The threat of open conflict is never very far away, however: a Soviet military map of East Lothian serves as a stark reminder that Scotland, with its array of vital military and communications infrastructures, was very much on the minds of strategists in Moscow. There is a substantial collection of printed material relating to civil defence – the disturbing 1980 booklet Protect and Survive, culmination of a nationwide public information campaign designed to prepare the public for nuclear war, shares a case with samples of satirical counter-propaganda generated by the Campaign for Nuclear Disarmament – as well as a full British Army hazmat suit with respirator, a Civil Defence Corps uniform and motorcycle, and a complete set of radiation and blast monitoring equipment preserved from the underground posts of the Royal Observer Corps.

An annotated map produced by the Scottish Campaign for Nuclear Disarmament in the 1980s. Photo: © National Museums Scotland

By the early 1960s, we are told, Scotland had become ‘the most important forward operating base for the US Navy in Europe’, with a controversial installation at Holy Loch, a stone’s throw from both the UK’s own submarine base at Faslane and Europe’s largest nuclear weapons stockpile at Coulport. Much of the latter part of the exhibition is dedicated to exploring the tensions, both political and personal, that accompanied the arrival of thousands of American military personnel and their families, and the establishment of US-controlled naval bases, surveillance posts, missile arsenals and airfields on Scottish soil. The exhibition works hard here for nuance, with video testimony offering insight into the conflicting attitudes within local communities – between, for instance, those who regarded the American presence as an imposition and those who valued the economic boost to otherwise neglected communities – as well as the louder and more public resistance mounted by anti-nuclear campaigners.

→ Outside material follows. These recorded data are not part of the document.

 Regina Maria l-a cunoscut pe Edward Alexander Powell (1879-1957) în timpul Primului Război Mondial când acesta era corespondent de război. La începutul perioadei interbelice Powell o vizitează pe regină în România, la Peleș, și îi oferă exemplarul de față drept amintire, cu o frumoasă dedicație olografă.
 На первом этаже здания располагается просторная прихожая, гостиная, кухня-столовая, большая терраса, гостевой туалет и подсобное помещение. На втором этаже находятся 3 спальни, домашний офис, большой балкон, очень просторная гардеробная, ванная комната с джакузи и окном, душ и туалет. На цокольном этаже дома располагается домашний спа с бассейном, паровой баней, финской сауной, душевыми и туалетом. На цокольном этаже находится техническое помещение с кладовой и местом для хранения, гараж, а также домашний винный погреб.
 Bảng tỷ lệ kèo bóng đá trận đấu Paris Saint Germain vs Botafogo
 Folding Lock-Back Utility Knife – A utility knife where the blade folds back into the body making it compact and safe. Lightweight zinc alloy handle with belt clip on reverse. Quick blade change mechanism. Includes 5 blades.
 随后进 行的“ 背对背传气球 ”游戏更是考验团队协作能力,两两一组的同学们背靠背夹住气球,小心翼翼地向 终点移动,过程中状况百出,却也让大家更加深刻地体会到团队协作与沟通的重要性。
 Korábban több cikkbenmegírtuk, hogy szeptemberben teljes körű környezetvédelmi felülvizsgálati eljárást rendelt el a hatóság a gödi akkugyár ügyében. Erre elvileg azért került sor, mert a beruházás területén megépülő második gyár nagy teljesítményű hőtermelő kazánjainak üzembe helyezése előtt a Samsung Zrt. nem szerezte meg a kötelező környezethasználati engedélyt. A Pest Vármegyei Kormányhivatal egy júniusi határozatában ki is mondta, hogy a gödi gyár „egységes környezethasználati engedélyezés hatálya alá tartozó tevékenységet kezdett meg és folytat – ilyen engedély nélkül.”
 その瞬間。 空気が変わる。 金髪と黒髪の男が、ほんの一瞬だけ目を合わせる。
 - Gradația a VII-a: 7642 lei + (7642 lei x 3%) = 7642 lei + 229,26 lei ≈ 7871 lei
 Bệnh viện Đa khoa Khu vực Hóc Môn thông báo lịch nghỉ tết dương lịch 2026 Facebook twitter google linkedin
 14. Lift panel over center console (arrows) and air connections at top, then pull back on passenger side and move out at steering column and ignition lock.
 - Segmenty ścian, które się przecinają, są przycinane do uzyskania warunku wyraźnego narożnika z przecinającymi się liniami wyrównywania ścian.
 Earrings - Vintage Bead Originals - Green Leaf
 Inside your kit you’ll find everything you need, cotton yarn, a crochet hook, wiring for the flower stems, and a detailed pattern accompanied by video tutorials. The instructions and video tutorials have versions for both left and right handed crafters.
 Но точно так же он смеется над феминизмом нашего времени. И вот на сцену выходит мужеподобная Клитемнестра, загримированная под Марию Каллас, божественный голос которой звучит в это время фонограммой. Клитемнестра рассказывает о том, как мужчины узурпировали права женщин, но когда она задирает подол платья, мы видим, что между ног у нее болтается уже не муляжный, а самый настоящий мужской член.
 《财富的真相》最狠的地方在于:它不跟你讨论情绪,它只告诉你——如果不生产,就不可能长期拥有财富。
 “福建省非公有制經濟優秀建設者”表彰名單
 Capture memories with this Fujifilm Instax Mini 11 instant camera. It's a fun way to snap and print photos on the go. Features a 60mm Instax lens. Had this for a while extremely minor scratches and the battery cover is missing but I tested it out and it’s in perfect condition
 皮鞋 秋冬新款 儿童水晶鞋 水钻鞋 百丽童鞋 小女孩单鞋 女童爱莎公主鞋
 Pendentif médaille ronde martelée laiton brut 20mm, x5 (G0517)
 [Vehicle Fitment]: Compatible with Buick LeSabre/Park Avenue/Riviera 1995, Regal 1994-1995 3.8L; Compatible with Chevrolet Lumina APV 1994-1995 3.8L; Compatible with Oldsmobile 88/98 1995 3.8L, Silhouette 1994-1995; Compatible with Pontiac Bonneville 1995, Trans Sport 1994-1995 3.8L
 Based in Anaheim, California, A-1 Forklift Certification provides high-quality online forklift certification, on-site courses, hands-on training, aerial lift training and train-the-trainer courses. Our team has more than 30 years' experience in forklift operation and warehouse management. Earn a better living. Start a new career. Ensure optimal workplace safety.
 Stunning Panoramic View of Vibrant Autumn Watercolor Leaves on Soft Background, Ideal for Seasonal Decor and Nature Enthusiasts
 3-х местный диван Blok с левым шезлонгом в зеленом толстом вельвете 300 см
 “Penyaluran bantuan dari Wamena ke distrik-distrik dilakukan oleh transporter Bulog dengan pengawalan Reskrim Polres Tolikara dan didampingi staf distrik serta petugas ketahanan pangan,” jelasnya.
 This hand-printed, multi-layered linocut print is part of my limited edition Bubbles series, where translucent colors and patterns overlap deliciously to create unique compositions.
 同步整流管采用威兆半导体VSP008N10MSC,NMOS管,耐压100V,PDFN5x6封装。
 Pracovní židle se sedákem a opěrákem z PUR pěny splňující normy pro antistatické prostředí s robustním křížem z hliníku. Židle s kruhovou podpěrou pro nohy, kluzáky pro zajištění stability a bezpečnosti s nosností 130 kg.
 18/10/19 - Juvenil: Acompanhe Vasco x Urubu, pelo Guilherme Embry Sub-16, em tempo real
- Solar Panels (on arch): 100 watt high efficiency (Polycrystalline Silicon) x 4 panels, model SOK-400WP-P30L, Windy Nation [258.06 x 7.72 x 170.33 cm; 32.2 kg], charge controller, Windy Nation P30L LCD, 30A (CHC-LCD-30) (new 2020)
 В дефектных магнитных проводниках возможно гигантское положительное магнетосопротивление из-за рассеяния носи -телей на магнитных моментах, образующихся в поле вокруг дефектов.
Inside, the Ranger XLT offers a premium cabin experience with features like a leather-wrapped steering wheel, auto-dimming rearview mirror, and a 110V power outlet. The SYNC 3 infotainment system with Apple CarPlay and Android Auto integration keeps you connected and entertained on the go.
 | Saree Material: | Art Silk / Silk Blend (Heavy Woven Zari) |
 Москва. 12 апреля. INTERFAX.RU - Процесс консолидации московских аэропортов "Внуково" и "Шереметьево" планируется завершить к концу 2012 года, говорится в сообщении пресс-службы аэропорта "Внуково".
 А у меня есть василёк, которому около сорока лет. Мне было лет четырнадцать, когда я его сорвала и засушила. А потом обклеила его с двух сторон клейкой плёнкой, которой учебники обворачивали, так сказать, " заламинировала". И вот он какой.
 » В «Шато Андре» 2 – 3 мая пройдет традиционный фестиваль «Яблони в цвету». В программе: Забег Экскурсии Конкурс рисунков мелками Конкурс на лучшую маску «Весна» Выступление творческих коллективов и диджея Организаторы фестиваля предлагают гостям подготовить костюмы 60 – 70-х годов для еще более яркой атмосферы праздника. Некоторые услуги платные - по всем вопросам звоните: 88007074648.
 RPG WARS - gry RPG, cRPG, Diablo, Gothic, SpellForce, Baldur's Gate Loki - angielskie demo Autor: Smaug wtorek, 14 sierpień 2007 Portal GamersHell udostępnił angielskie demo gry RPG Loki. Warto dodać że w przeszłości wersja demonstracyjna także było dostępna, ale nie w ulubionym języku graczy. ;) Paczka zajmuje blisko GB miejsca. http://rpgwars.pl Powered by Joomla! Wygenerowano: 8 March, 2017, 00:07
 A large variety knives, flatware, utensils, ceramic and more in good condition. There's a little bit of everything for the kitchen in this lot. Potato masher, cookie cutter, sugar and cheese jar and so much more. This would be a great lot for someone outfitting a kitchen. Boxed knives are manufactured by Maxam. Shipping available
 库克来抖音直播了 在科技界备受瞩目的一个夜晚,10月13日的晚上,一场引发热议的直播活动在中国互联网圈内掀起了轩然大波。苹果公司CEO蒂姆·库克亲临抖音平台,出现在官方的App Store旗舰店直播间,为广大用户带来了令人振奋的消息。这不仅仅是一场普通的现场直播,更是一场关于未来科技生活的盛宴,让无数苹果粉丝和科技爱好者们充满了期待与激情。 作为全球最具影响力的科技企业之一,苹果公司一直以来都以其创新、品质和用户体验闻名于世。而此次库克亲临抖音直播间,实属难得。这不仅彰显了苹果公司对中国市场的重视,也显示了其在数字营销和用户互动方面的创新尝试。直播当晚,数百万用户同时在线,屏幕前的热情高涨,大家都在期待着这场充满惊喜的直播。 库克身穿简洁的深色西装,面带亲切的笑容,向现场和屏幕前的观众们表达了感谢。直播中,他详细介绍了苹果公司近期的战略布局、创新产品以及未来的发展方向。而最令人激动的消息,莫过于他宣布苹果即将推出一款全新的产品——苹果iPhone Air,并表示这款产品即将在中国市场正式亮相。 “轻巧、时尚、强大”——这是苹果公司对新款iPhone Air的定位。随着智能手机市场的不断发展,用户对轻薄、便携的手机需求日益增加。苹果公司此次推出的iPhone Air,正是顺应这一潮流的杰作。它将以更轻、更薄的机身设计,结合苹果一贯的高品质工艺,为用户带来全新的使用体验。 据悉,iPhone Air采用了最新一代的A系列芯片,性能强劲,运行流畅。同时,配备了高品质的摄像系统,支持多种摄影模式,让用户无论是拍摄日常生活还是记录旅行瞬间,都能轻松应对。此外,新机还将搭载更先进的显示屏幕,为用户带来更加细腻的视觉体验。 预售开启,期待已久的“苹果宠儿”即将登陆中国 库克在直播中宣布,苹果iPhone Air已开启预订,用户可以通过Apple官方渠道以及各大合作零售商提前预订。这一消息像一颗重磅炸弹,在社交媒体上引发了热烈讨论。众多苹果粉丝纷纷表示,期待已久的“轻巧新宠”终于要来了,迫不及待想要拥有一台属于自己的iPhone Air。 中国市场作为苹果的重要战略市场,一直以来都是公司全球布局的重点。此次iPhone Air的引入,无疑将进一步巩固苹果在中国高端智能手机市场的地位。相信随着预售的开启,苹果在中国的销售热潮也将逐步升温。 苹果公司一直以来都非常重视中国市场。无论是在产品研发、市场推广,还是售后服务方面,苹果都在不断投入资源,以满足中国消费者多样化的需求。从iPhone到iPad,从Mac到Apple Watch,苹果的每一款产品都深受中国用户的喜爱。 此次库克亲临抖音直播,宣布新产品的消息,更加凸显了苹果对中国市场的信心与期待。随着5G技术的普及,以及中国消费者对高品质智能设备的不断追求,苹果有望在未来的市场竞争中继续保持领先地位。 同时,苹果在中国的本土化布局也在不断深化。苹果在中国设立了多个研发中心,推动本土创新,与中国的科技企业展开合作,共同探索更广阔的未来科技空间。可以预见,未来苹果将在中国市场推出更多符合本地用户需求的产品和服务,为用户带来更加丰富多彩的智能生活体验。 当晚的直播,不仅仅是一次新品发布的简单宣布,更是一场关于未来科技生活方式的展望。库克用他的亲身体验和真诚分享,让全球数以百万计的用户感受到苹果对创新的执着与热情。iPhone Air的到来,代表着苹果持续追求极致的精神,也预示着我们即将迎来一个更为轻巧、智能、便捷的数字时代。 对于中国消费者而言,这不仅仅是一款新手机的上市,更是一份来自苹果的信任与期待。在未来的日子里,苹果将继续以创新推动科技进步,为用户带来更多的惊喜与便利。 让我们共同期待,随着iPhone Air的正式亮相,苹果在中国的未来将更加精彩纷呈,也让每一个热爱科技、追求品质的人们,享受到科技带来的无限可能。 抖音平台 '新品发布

These protesters are well represented both in the form of flyers and posters and through recordings, with the veteran CND activist Kristin Barrett recounting a trip to the American embassy in London in a borrowed van to deliver a mock-up of a cruise missile made out of cardboard carpet tubes. The anti-nuclear protest movement provides some of the exhibition’s most interesting and entertaining material, including a huge collection of riotously colourful button badges, ranging from the predictable (‘Socialists Against the Bomb’) to the whimsical (‘Anagram Lovers Both Sting a Beam’) by way of some admirably terrible wordplay (‘Gardeners for a Nuclear Free Fuchsia!’). There is a measure of curatorial wit, too, in the decision to display these symbols of protest scattered haphazardly across a pin-board, face-to-face with six neat regimental ties in different tartans commissioned by various US military units stationed in Scotland.

A protest rattle made from a laundry detergent bottle used on the Peace March that took place in Scotland in 1982. Photo: © National Museums Scotland

Meanwhile, ordinary Scots and Soviet citizens continued to meet from time to time on friendly terms. One end of the gallery is dominated by a giant hammer and sickle presented to a Shetlander by the crew of a Soviet fishing factory ship; another case displays an array of Sputnik-themed tourist memorabilia, travel itineraries from Intourist (the Soviet state travel bureau) and a remarkable 1960s evening dress made from silk brought home by a British tourist from a visit to Samarkand, in present-day Uzbekistan, then the Uzbek Soviet Socialist Republic. Exhibits such as these serve as evidence that, even under the shadow of mutual assured destruction and the surveillance of their respective governments, people continued to travel, trade and forge lasting connections across the Iron Curtain.

‘Cold War Scotland’ is at the National Museum of Scotland, Edinburgh, until 26 January 2025.